## Work request
With every picture left out, give the data below back exactly.

## Source material
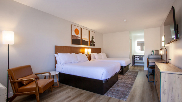 This newly renovated hotel has beautiful rooms and mini-suites with outstanding views of the red rocks. The shaded seating deck with fire tables, view patios and heated pool make outdoor time more enjoyable. Easy walking distance to shopping, galleries and restaurants make this a great home away from home destination. Pet Friendly rooms available. Continental breakfast served daily in the new lobby with coffee and tea service all day.
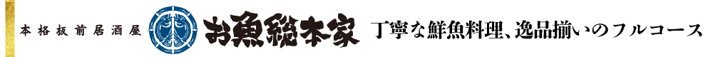 大人が心から「旨い!」と感動できる魚料理を、魚を知り尽くした板前が腕を振るう店「お魚総本家」。藁焼き・刺身・握り寿司と銘酒、温かいおもてなしで、大切な方との宴会をお楽しみください。
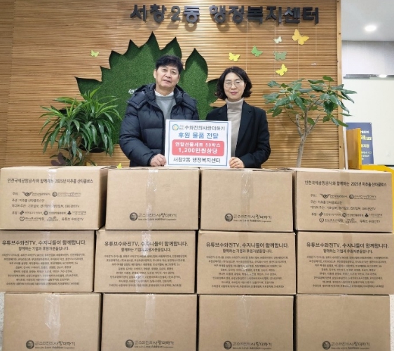 [뉴스앤톡] 인천시 남동구 서창2동 행정복지센터는 (사)수와진의 사랑더하기로부터 어려운 이웃을 위한 겨울 선물세트 50상자를 기부받았다고 19일 밝혔다.
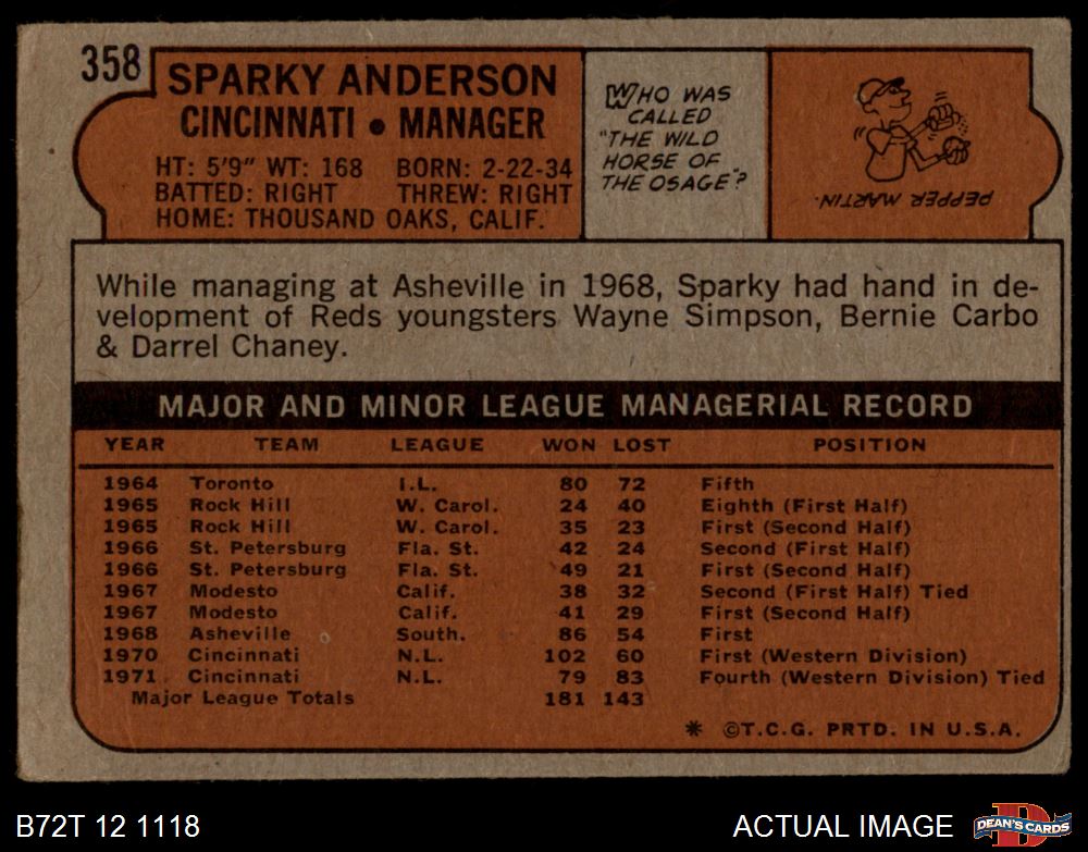 1972 Topps #358 Sparky Anderson 1 - POOR

## Task result
 This newly renovated hotel has beautiful rooms and mini-suites with outstanding views of the red rocks. The shaded seating deck with fire tables, view patios and heated pool make outdoor time more enjoyable. Easy walking distance to shopping, galleries and restaurants make this a great home away from home destination. Pet Friendly rooms available. Continental breakfast served daily in the new lobby with coffee and tea service all day.
 大人が心から「旨い!」と感動できる魚料理を、魚を知り尽くした板前が腕を振るう店「お魚総本家」。藁焼き・刺身・握り寿司と銘酒、温かいおもてなしで、大切な方との宴会をお楽しみください。
 [뉴스앤톡] 인천시 남동구 서창2동 행정복지센터는 (사)수와진의 사랑더하기로부터 어려운 이웃을 위한 겨울 선물세트 50상자를 기부받았다고 19일 밝혔다.
 1972 Topps #358 Sparky Anderson 1 - POOR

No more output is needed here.